On Monday I asked "Aren't there any Muslims out there who are just a teeny bit embarrassed by these tantrums?". The answer, happily, is yes:
As the noise over the film died down, the furore also provoked deeper reflection about the issues of blasphemy, and of legal and cultural differences between Muslim countries and the West. The tenor of this more thoughtful response, in newspaper and internet commentary, has been sharply self-critical. “We Are All Khaled Said”, an Egyptian Facebook page with 2.4m followers that was instrumental in rallying last year’s revolution, posted a list of 12 truths regarding the allegedly blasphemous footage, such as the fact that before the protests erupted barely 500 people had watched it, a number that apparently rose to 30m a week later.

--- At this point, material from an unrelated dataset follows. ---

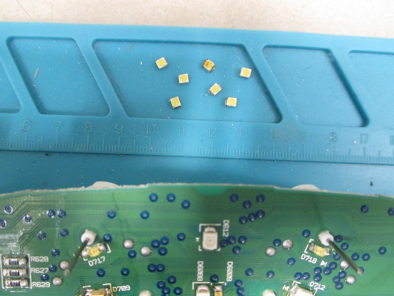 7 Stück waren defekt, alle von der Hintergrundbeleuchtung. Diese habe ich gegen originale ausgetauscht (gut zu erkennen, meine sind die ohne Lötkleckste und nicht verbrannt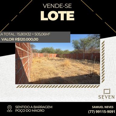 ✨Excelente Lote disponível para venda sentido o poço do magro. 🌟 📐 Dimensões e Detalhes: Área Total: 15,80X32 = 505,06 m²

Writing in the London-based daily, al-Quds al-Arabi, Elias Khoury, a Lebanese novelist, was less circumspect. The “film”, he said, was in fact just a trailer. It is “us”, the Arabs, who are the spectacle. Mr Khoury ended by quoting al-Mutanabbi, a medieval poet who ridiculed religious excess with a gibe against men of his time who, in supposed imitation of the prophet, sported full beards with bare upper lips: “Is it the point of faith to shave your moustaches/ O people whose ignorance is the laughing stock of nations?”
Well worth a read.
Came here by accident and found it very interesting.